Answer: 18. Swapping the factors does not change the product (commutative property).
5. Break apart 4 x 7 into two easier facts and solve.
Answer: 4 x 5 = 20 and 4 x 2 = 8, then 20 + 8 = 28. So 4 x 7 = 28.
6. There are 3 rows of chairs with 5 chairs in each row. How many chairs?
Answer: 3 x 5 = 15 chairs.
Independent practice worksheets
Set the matching ChalkBee worksheets for independent work. The answer keys are computed in code, so they are never wrong. Start with equal groups and arrays, then move to times-table fluency once the meaning is secure.
Differentiation
- Stay concrete: keep filling cups and building arrays with counters before drawing them.
- Limit facts to the 2s, 5s and 10s first, where skip counting is easiest, then widen.
- Give a pre-drawn array so the student only counts rows and columns, not draws.
- Provide a hundred grid or a number line to skip count along while the fast facts build.
- Ask for both facts in a commutative pair and a picture that proves they match.
- Break apart every fact in the 7s and 8s using known 5s and 2s.
- Introduce multiplying by 10 and spotting the place-value pattern (3 x 10 = 30).
- Pose a missing-factor puzzle: 4 x ? = 24, and have them reason from an array.
Assessment: exit ticket
A three-question exit ticket for the last five minutes. It samples equal groups, reading an array, and the commutative property.

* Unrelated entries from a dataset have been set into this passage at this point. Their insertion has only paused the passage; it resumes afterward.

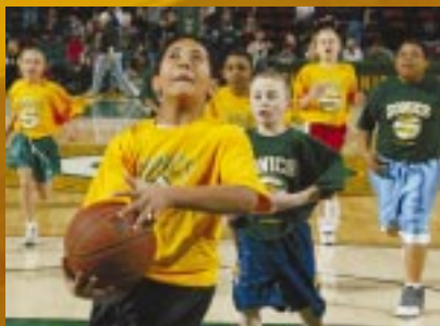
THROUGHOUT THE YEAR, THE SONICS HOST EVENTS AND CLINICS TO HELP TEACH, ENCOURAGE AND MOTIVATE KIDS IN THE COMMUNITY.

students in improving their reading skills. By encouraging students to read 20 minutes a day for 20 days each month, Read To Achieve improves students reading scores and expands their love of books. Each month, thousands of students across the state return Sonics Read To Achieve 20/20 charts to their school librarians and become eligible to win special Sonics prizes. Last year, the program reached nearly 60,000 students at 160 schools across the state of Washington.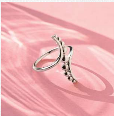
PRODUCT CODE: #SR-054

Available in various sizes Material - 925 Sterling Silver Weight Range - 3.6 gram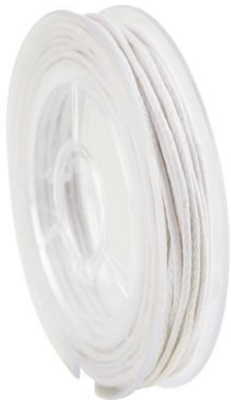
Jewellery cord, 5 m x 1 mm, White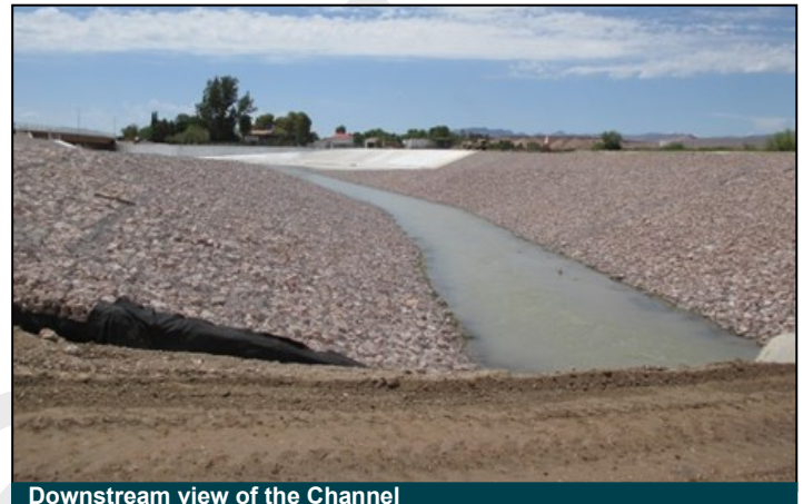
Downstream view of the Channel

GC Wallace Inc. (GCW), a civil engineering firm in Las Vegas, NV, designed the Muddy River—Cooper Street Bridge rehabilitation project that consisted of widening of the Muddy River as a flood control measure to keep the storm flows contained within the channel, adjacent properties and structures were affected when the river swelled up during storm events. This project was the first phase of a much longer plan for river widening to mitigate the flooding along the Muddy River. The Cooper Street Muddy River crossing was a low water crossing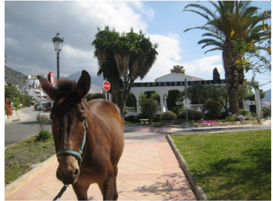
Passing the entrance to Capistrano Village, Nerja

It turned out he was very upset having lost his mule that he had had since it was born. He was soon reunited with his mule and left the sanctuary a happy man all be it with a warning to tie the animal up better.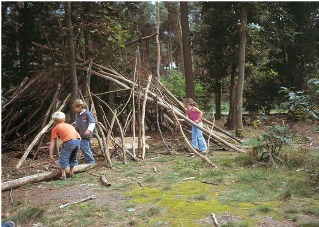
Typical activity organised by the Dutch Staatsbosbeheer

(Comments to Christian.schlatter@bafu.admin.ch )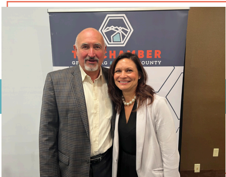
22 nd Adams County Prayer Breakfast October 25, 2022 Comfort Suites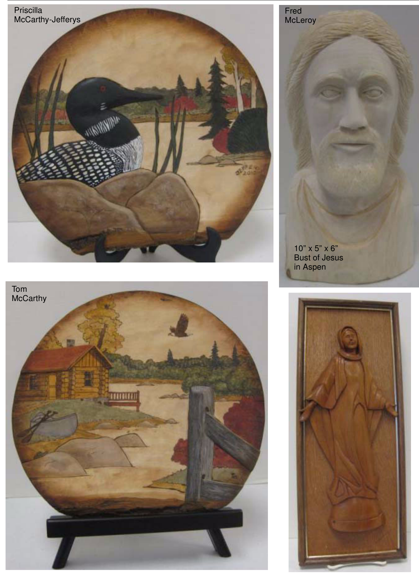
7" x 17" Madonna relief by Harvey Beauchemin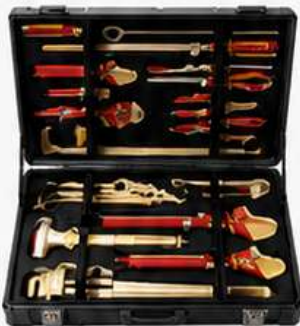
NON SPARKING TOOL KIT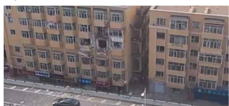
least one person being carted away by first responders into an ambulance, and the streets

Beijing (AP): An explosion at an apartment building in northeastern China killed one person and injured at least three others Thursday, state media reported. Parts of the five-story apartment building in Harbin were damaged, with one apartment's balcony completely blown off, videos on social media showed. Officials told local media that the explosion was likely from a natural gas tank. One woman died of her injuries, according to Jimu News, a state-backed media outlet. The three others were taken to the hospital for their injuries. Videos online also showed at

1. Write a multiplication sentence for 5 groups of 2.
Answer: 5 x 2 = 10.
2. An array has 4 rows of 6. Write the multiplication and the product.
Answer: 4 x 6 = 24.
3. If 7 x 3 = 21, what is 3 x 7, and why?

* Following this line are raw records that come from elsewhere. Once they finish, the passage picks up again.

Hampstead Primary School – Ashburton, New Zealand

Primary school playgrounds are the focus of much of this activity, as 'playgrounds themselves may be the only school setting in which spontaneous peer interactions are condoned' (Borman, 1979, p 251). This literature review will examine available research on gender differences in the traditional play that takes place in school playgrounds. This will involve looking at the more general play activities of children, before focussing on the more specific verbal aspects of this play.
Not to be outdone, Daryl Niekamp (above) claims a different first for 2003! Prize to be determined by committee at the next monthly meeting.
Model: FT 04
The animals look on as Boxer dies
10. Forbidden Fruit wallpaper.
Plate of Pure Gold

Answer: 21, because swapping the factors does not change the product (commutative property).
Teacher notes and timings
- Rough timing across four lessons: Lesson 1 equal groups and arrays (sections 1 to 2), Lesson 2 writing multiplication (section 3), Lesson 3 the commutative property (section 4), Lesson 4 break-apart plus the exit ticket (section 5 and assessment).

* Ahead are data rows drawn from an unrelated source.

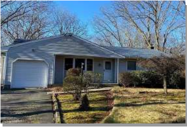
212 HELME AVENUE MILLER PLACE, NY 11764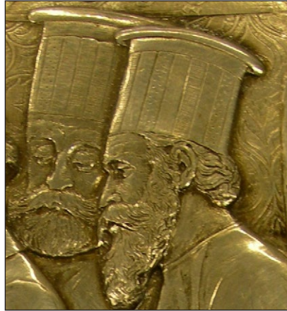
Fig. 20: Henry Hugh Armstead, The Death of the Chieftain . Detail of Fig. 1.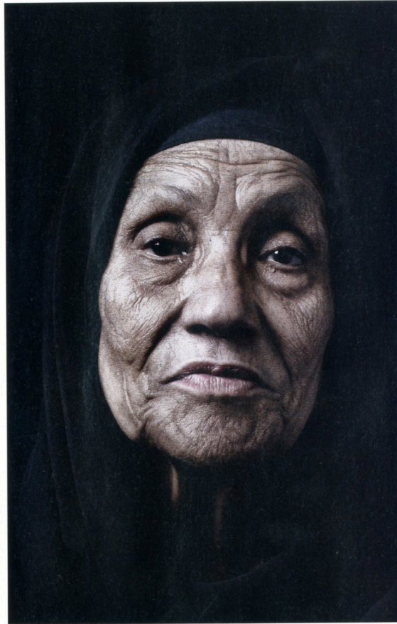
Soud , from Our House Is on Fire series, 2013, ink on digital c-print, 158 × 102 cm.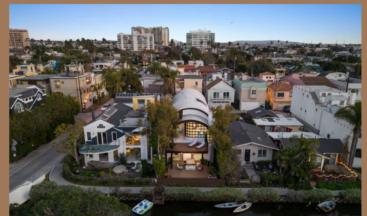
URBAN DENSITY ON THE WATERFRONT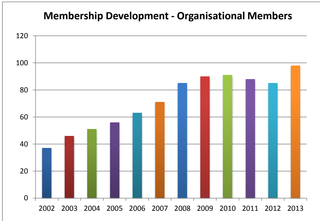
Chart 1: Organisational Members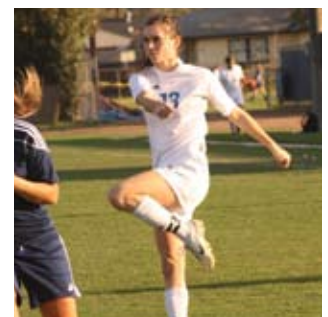
Lady Lancer Soccer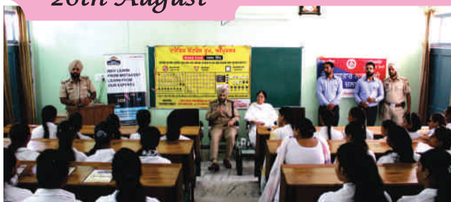
Seminar On Traffic Rules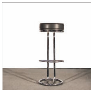
Black bar stool EUR 11.00 Code 025.010.040.080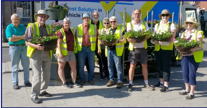
Wimborne in Bloom volunteers, image courtesy of Anthony Oliver.

TC/07/01 Work with Dorset Council on any agreed asset transfers.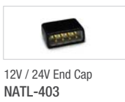
12V / 24V End Cap NATL-403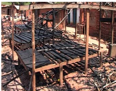
Horror in Dongo, Province of Equateur/DRC: market place and houses burnt down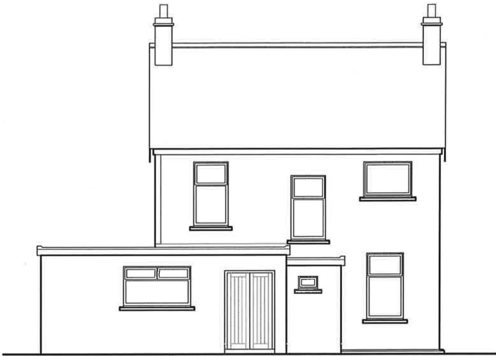
Existing North East Elevation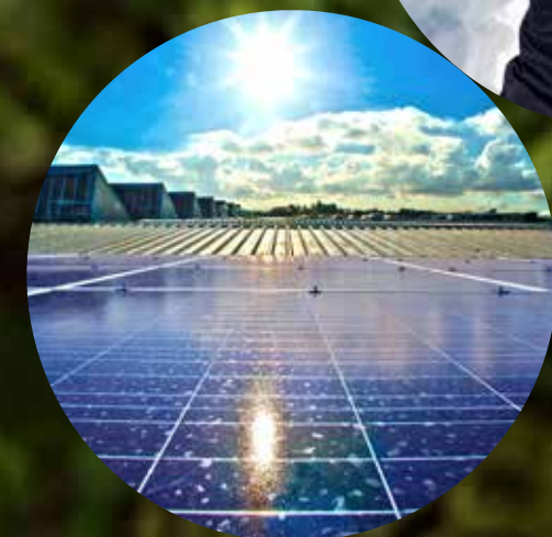
< AIR NEW ZEALAND HAS THE COUNTRY'S LARGEST SINGLE SOLAR ARRAY LOCATED AT OUR AUCKLAND TECHNICAL OPERATIONS BASE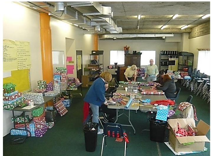
COPW Volunteer elves wrapping away.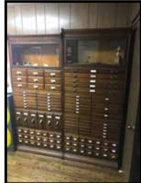
2, Law Barrister oak, 5-stack legal cabinets w/drawers & bins, Hancock Co. ILL & Courthouse Carthage ILL, super nice pc.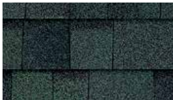
Chateau Green †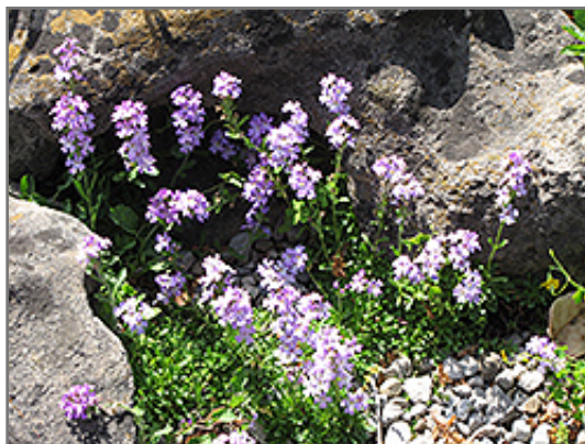
Alpine Liverbalm in bloom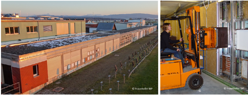
Figure 4. Air-condition test hall with removable wall elements from outside and inside.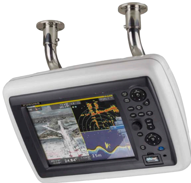
Shown: GP1030 SailPod on SK130 Stanchion Kit

This is a very strong, sturdy and secure way to mount electronics in the overhead area where an overhead box does not exist. Find the right SystemPod for your electronics, then choose the correct Stanchion Kit for that SystemPod. The SystemPod will be positioned at 40 degrees off the vertical axis. There are 3 different Stanchion Kits for different size NavPods and over 200 Pre-Cut SystemPods (or SailPods) to choose from. SystemPods are for multiple pieces of electronics and SailPods are pre-cut for a specific Radar, Chartplotter or Fishfinder. The NavPods with 9.5" spacing on the back are recommended.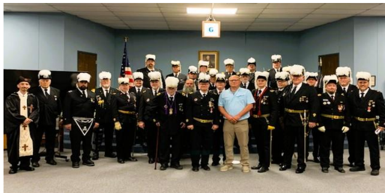
JACKSON #13 UNION CITY #29 LEXINGTON #36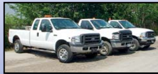
FORD PICKUP TRUCKS

2004 FORD F-250XL Super Duty 4x4 , 5.4L gas engine and automatic trans, tool boxes, fuel tank, and 235/85R16 tire. In good condition with good tires.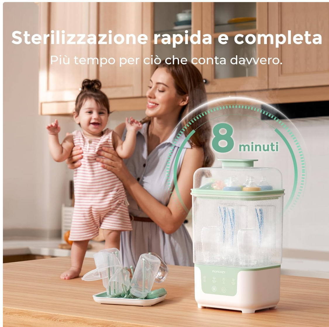
Image 5.3: The sterilizer actively sterilizing items with steam, completing the process in 8 minutes.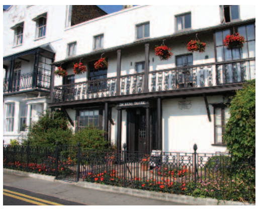
Dickens House Museum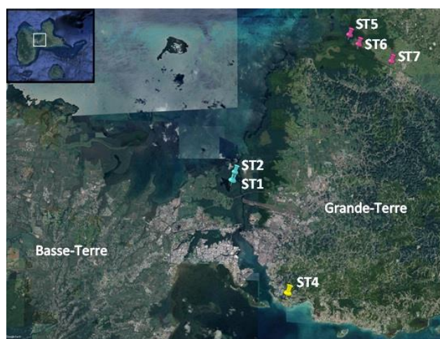
Figure 1. Google map showing the collection sites (ST: stations) located in Grande-Terre (ST4, ST5, ST6, and ST7) and in Basse-Terre (ST1 and ST2), the two main islands constituting Guadeloupe.

A total of 20 cyanobacterial strains were successfully isolated, and grown from green biofilms collected from distinct locations in Guadeloupe, namely the Manche-à-Eau lagoon close to red mangrove trees (two stations ST1 and ST2 and five strains), the Marina Bas-du-Fort (one station ST4, one strain), and the Canal Des Rotours (three stations ST5, ST6, and ST7 and 14 strains, Figure 1 and Table 1). Biofilms were found either covering the sediment surface, attached to immersed roots of mangrove trees, or attached to sunken deadwood.

- Language to keep saying: equal groups, rows times columns, factors and product. Read 4 x 3 as '4 groups of 3' every time so the meaning stays attached to the symbol.
- Keep counters and grid paper on desks through the pictorial sections. When a fact is stuck, hand the student the array and let them count or skip count it.
- ACARA introduces equal groups and arrays a year earlier, at Year 2 (AC9M2N04), and formalises multiplying one- and two-digit numbers at Year 3 (AC9M3N04), so this unit maps cleanly for both US Grade 3 and Australian Year 3 classes.
- The break-apart section is the seed of the distributive property and of written column multiplication in later grades. You do not need the formal name yet, but the reasoning is worth the time.
- Present mode and print both work: use the Print button for a clean teacher copy or a student handout, and project the page to teach straight from the arrays.